Provided data Start Marker
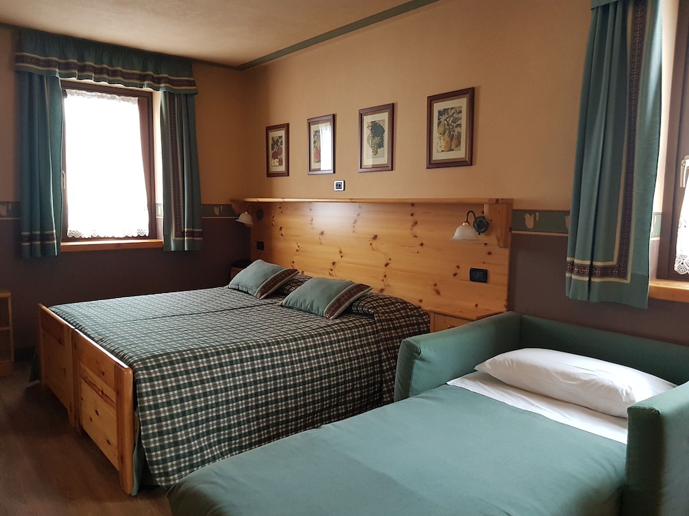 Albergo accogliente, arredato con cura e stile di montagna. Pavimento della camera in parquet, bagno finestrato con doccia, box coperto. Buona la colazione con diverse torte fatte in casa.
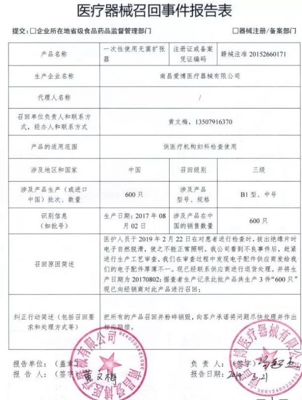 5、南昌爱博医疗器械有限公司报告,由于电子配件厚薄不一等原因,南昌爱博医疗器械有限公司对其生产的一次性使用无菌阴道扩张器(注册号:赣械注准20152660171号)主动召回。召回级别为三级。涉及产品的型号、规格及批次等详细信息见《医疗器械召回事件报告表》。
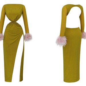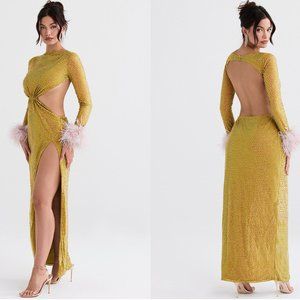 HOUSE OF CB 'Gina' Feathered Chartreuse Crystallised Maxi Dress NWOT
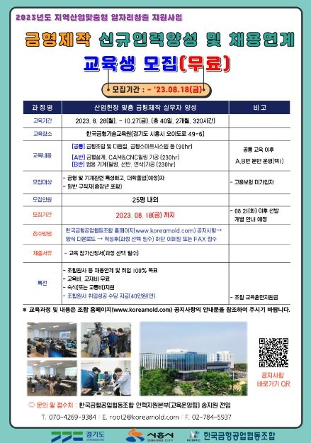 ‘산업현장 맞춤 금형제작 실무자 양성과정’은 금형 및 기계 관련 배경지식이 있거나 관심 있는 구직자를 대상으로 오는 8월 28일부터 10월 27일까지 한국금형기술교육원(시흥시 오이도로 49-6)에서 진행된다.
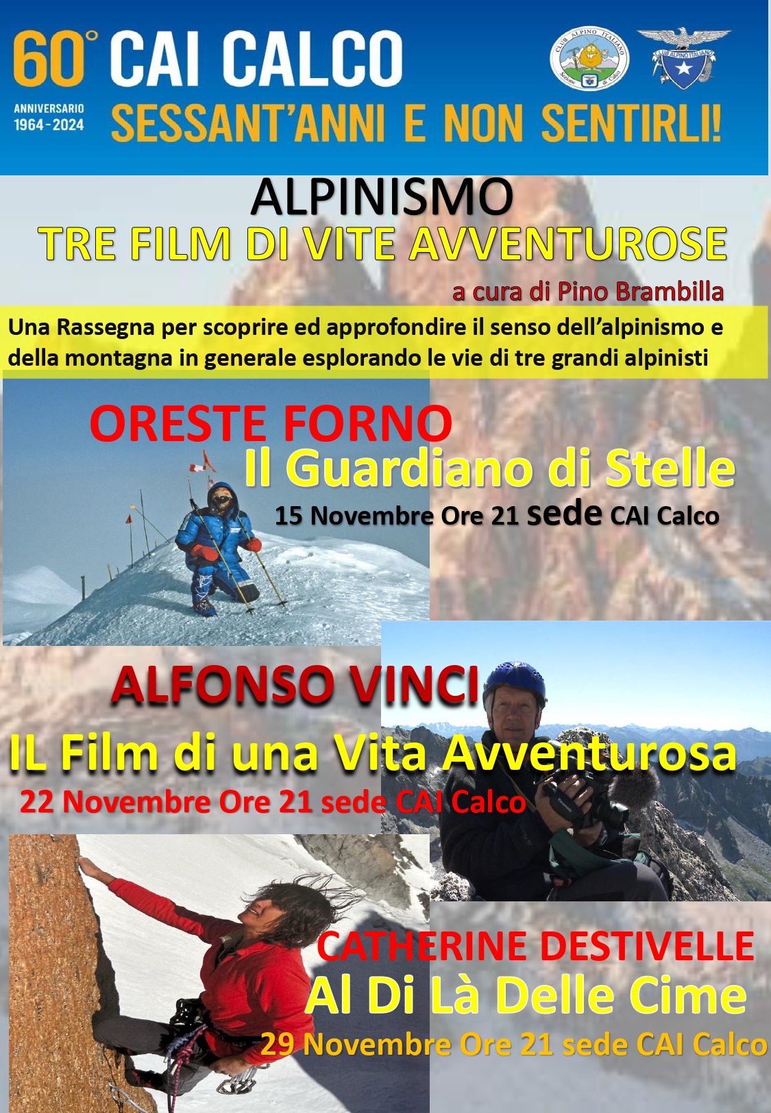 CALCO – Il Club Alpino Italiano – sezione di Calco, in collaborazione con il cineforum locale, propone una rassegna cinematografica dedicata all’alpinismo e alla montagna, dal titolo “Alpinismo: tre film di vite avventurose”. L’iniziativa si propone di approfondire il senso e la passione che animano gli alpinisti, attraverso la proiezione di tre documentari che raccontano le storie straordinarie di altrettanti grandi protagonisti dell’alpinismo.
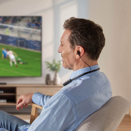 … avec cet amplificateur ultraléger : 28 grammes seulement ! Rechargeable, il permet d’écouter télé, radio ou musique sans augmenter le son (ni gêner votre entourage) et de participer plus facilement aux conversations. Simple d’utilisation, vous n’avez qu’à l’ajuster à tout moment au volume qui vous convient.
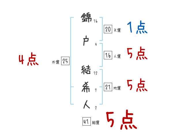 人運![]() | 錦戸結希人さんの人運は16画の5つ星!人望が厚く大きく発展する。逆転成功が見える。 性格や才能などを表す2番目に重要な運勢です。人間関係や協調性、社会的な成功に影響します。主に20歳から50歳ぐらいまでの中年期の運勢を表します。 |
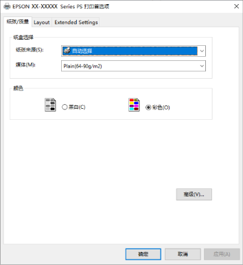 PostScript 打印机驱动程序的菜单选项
Provided data End Marker
Provided data Start Marker
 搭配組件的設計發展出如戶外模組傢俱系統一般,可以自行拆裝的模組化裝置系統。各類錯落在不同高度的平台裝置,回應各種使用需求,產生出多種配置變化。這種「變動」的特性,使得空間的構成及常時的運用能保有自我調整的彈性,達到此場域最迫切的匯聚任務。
Provided data End Marker
Provided data Start Marker
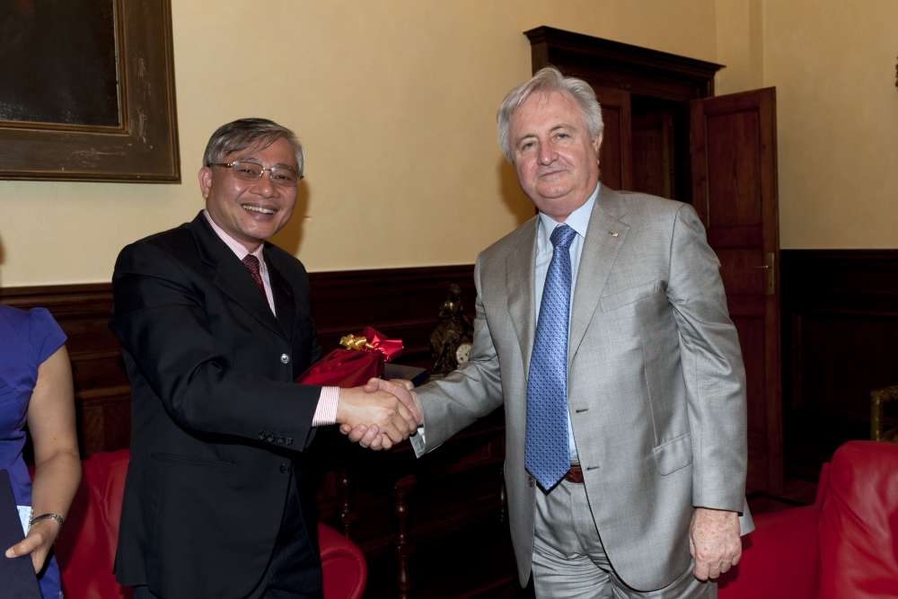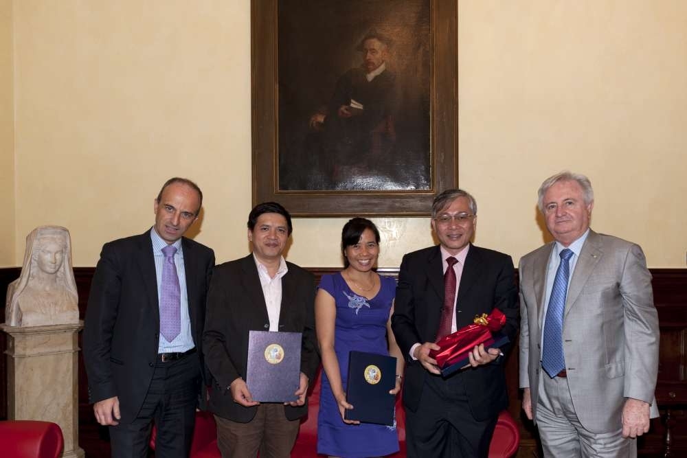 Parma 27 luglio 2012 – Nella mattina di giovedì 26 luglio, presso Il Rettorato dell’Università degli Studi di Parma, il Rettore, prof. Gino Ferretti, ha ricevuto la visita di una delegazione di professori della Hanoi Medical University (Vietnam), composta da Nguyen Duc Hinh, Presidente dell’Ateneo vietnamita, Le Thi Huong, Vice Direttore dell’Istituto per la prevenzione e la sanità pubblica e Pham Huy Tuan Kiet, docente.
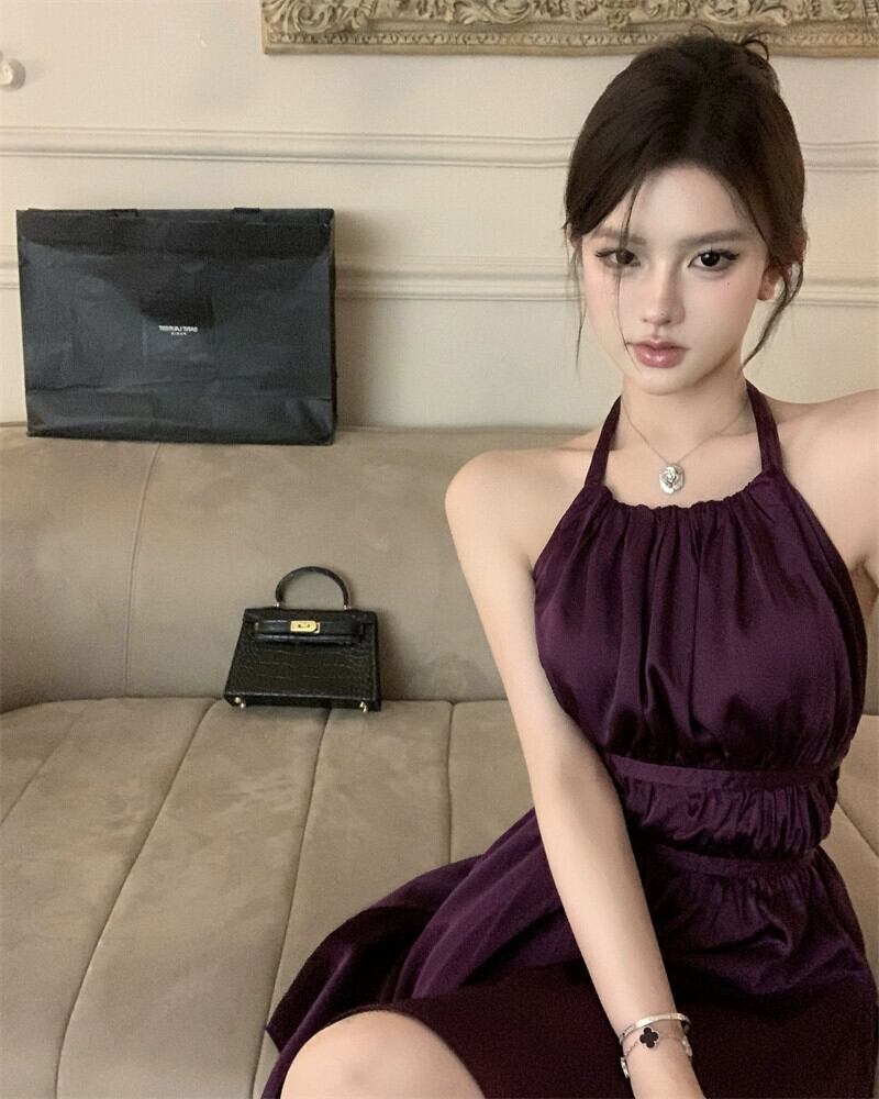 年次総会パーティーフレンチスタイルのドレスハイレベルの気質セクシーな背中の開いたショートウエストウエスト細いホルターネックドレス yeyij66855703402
Provided data End Marker
§ Task to carry out
In the listing above, find the line containing "5、南昌爱博医疗器械有限公司" and the line containing "PostScript 打印机驱动程序的菜单选项", then output those two lines and everything between them exactly as written, without the images.

§ Reply to the task
 5、南昌爱博医疗器械有限公司报告,由于电子配件厚薄不一等原因,南昌爱博医疗器械有限公司对其生产的一次性使用无菌阴道扩张器(注册号:赣械注准20152660171号)主动召回。召回级别为三级。涉及产品的型号、规格及批次等详细信息见《医疗器械召回事件报告表》。
 HOUSE OF CB 'Gina' Feathered Chartreuse Crystallised Maxi Dress NWOT
 ‘산업현장 맞춤 금형제작 실무자 양성과정’은 금형 및 기계 관련 배경지식이 있거나 관심 있는 구직자를 대상으로 오는 8월 28일부터 10월 27일까지 한국금형기술교육원(시흥시 오이도로 49-6)에서 진행된다.
 CALCO – Il Club Alpino Italiano – sezione di Calco, in collaborazione con il cineforum locale, propone una rassegna cinematografica dedicata all’alpinismo e alla montagna, dal titolo “Alpinismo: tre film di vite avventurose”. L’iniziativa si propone di approfondire il senso e la passione che animano gli alpinisti, attraverso la proiezione di tre documentari che raccontano le storie straordinarie di altrettanti grandi protagonisti dell’alpinismo.
 … avec cet amplificateur ultraléger : 28 grammes seulement ! Rechargeable, il permet d’écouter télé, radio ou musique sans augmenter le son (ni gêner votre entourage) et de participer plus facilement aux conversations. Simple d’utilisation, vous n’avez qu’à l’ajuster à tout moment au volume qui vous convient.
 人運![]() | 錦戸結希人さんの人運は16画の5つ星!人望が厚く大きく発展する。逆転成功が見える。 性格や才能などを表す2番目に重要な運勢です。人間関係や協調性、社会的な成功に影響します。主に20歳から50歳ぐらいまでの中年期の運勢を表します。 |
 PostScript 打印机驱动程序的菜单选项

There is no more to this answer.